= What you need to do =
For the records below, output word for word the lines from the one with "Don't miss the" up to and including the one with "巴黎圣日耳曼官方社媒晒出了赛". No pictures.

= Extracted material =
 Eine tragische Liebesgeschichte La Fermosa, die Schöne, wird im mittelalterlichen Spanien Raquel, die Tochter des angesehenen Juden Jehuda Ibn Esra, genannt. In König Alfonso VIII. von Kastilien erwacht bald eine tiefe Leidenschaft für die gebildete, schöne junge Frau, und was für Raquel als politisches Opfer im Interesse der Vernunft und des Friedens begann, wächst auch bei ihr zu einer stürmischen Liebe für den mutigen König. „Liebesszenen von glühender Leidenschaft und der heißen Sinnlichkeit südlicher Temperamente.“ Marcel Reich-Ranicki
==
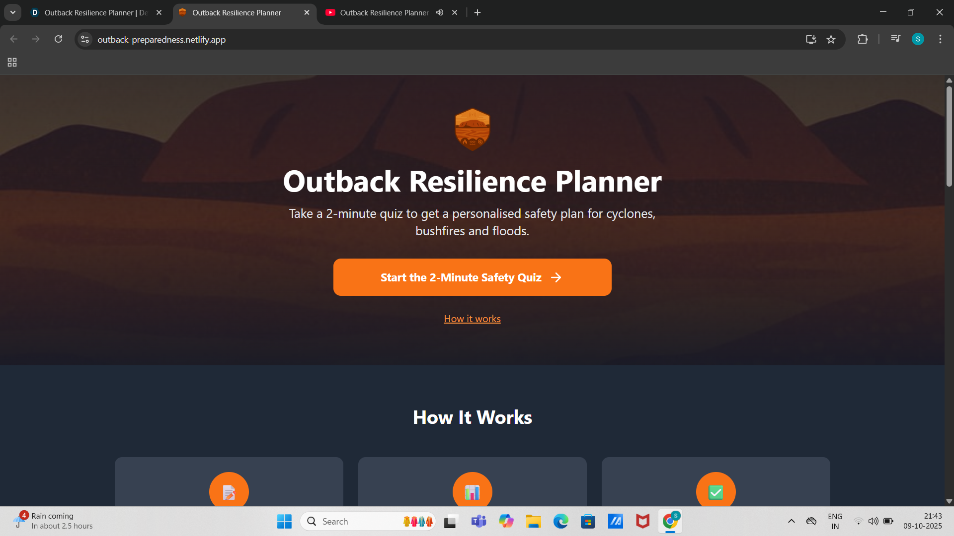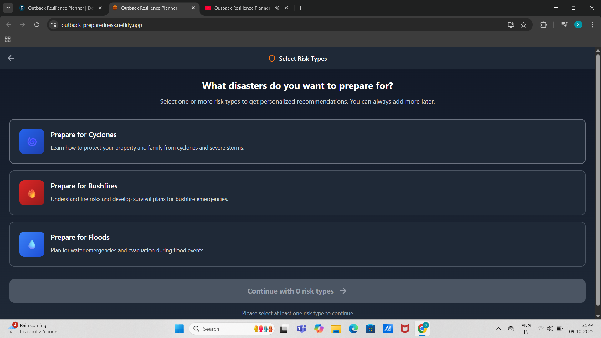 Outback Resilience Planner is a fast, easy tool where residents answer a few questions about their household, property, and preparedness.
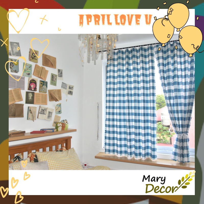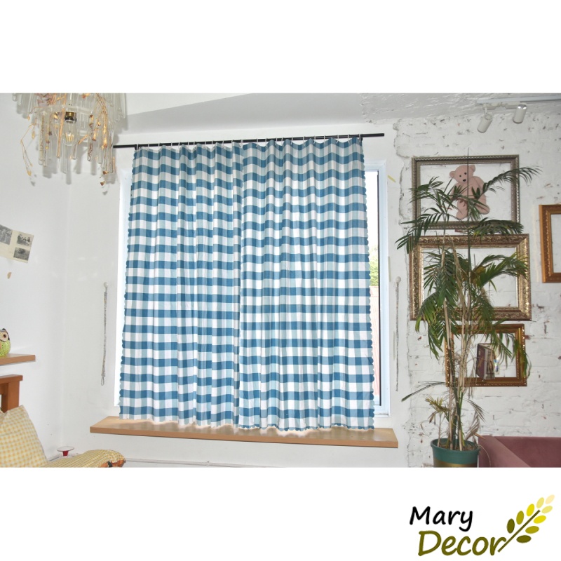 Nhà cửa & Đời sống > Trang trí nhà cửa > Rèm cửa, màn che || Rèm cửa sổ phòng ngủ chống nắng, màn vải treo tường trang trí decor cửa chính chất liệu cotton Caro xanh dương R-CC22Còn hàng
* * *
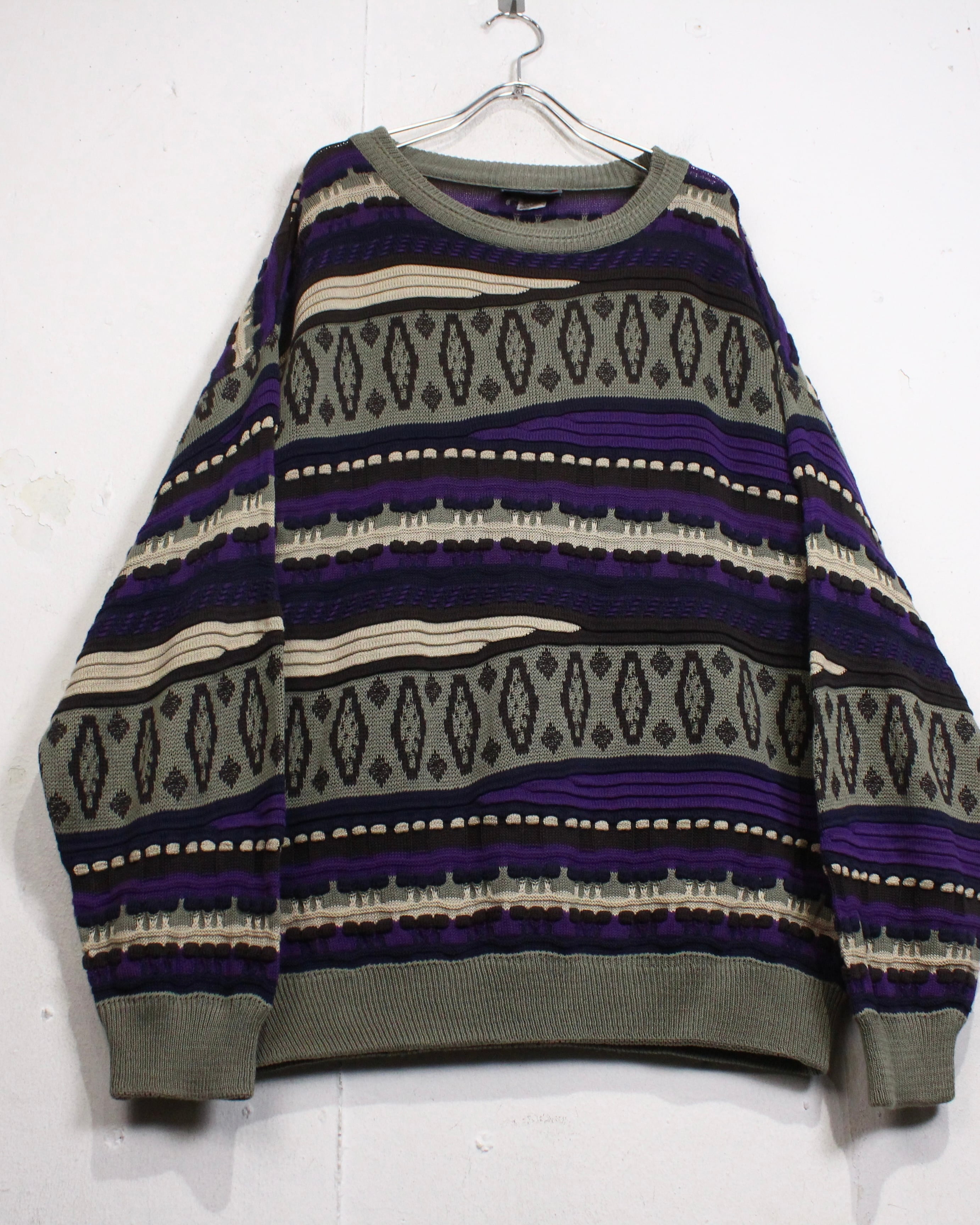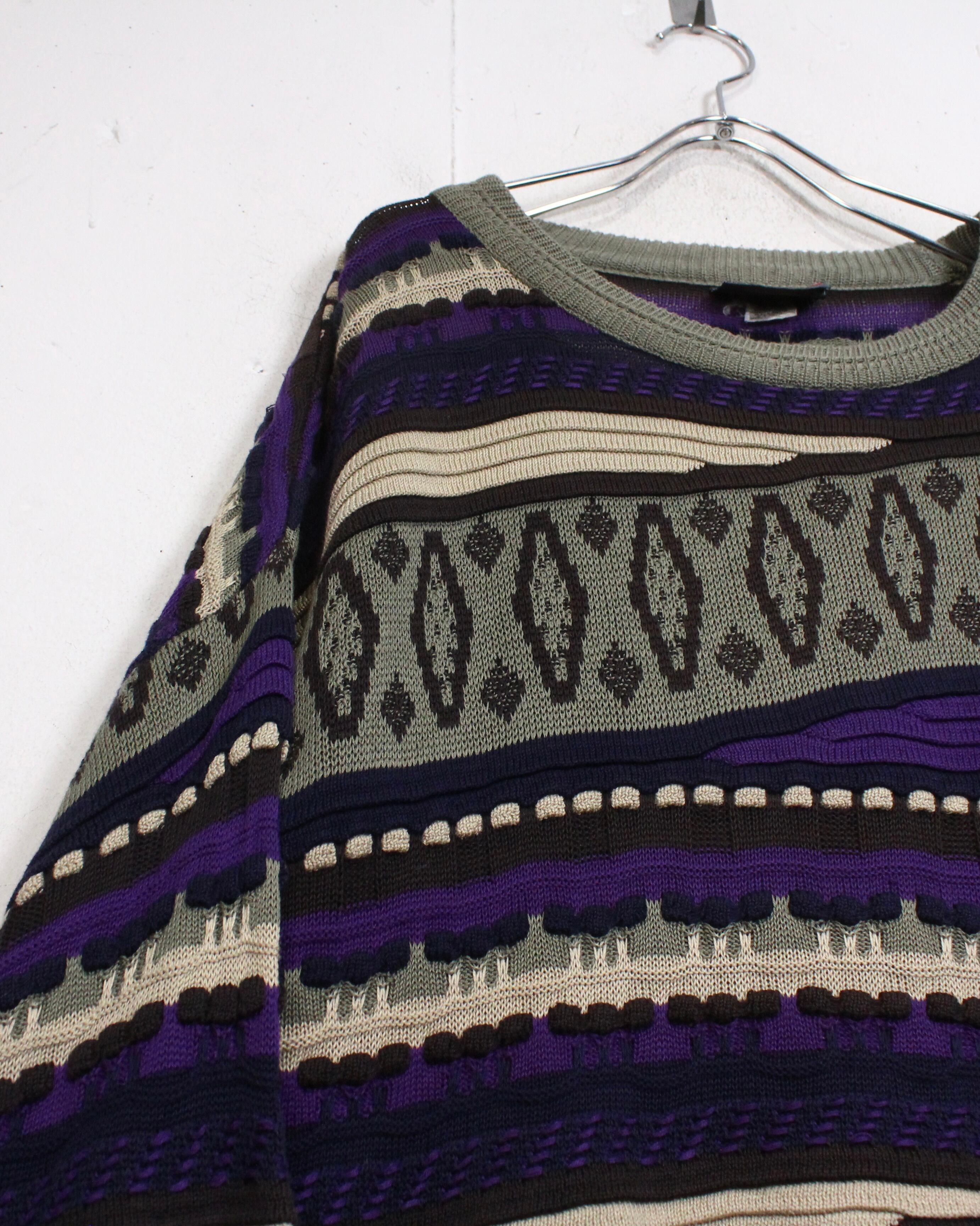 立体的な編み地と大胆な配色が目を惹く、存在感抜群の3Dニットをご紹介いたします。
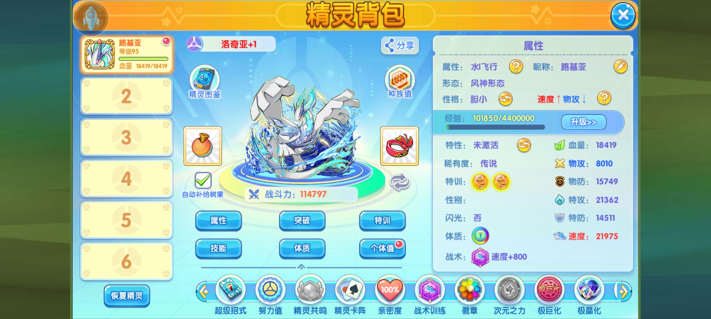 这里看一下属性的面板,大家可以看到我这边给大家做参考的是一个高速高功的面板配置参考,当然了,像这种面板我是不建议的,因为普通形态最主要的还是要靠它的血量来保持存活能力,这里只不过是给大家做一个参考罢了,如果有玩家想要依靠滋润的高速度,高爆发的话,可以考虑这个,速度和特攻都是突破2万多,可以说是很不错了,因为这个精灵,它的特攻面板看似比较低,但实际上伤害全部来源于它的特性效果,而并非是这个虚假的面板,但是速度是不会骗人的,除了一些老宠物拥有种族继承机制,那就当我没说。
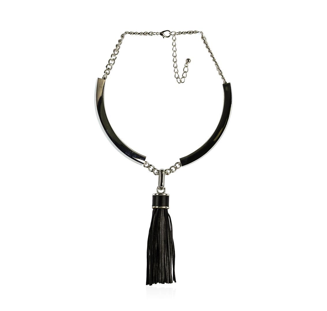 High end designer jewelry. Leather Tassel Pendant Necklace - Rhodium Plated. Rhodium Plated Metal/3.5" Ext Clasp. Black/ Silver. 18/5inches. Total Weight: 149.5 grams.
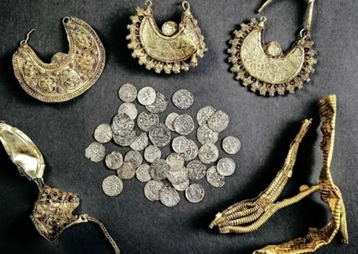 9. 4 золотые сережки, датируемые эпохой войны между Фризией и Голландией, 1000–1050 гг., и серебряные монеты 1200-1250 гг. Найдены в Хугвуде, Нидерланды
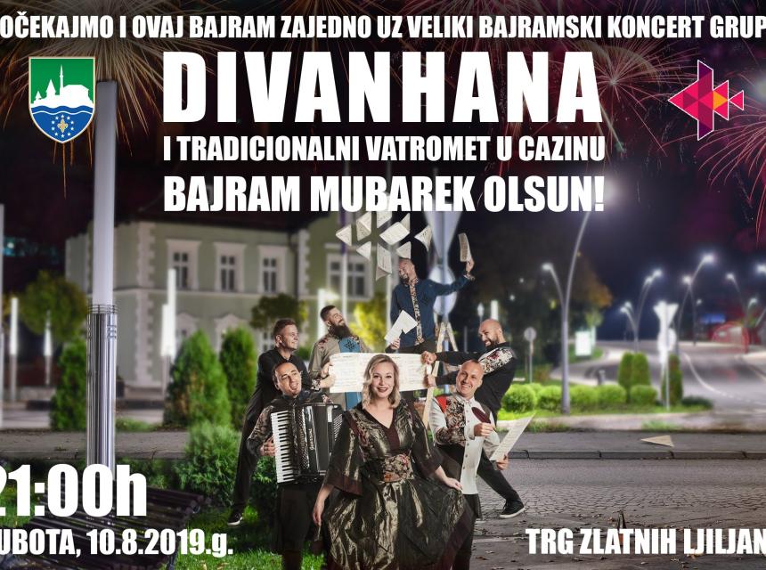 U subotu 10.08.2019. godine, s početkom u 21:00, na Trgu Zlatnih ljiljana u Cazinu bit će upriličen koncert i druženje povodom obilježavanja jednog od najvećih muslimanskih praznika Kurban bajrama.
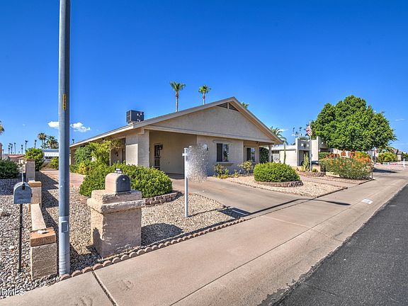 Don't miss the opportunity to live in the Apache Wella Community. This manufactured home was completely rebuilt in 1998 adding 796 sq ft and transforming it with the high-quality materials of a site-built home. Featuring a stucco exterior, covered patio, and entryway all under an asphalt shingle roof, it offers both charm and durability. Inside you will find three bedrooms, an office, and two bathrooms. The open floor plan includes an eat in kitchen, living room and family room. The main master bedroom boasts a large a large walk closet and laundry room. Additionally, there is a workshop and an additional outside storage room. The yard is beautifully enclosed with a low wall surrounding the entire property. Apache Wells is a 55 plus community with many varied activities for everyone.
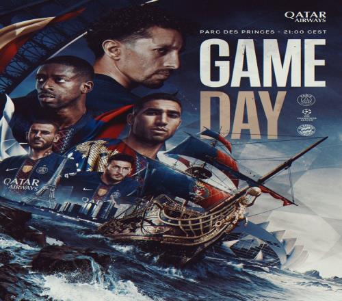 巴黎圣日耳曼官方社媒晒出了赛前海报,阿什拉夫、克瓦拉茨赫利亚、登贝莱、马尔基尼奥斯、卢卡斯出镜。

= Exercise result =
 Don't miss the opportunity to live in the Apache Wella Community. This manufactured home was completely rebuilt in 1998 adding 796 sq ft and transforming it with the high-quality materials of a site-built home. Featuring a stucco exterior, covered patio, and entryway all under an asphalt shingle roof, it offers both charm and durability. Inside you will find three bedrooms, an office, and two bathrooms. The open floor plan includes an eat in kitchen, living room and family room. The main master bedroom boasts a large a large walk closet and laundry room. Additionally, there is a workshop and an additional outside storage room. The yard is beautifully enclosed with a low wall surrounding the entire property. Apache Wells is a 55 plus community with many varied activities for everyone.
 巴黎圣日耳曼官方社媒晒出了赛前海报,阿什拉夫、克瓦拉茨赫利亚、登贝莱、马尔基尼奥斯、卢卡斯出镜。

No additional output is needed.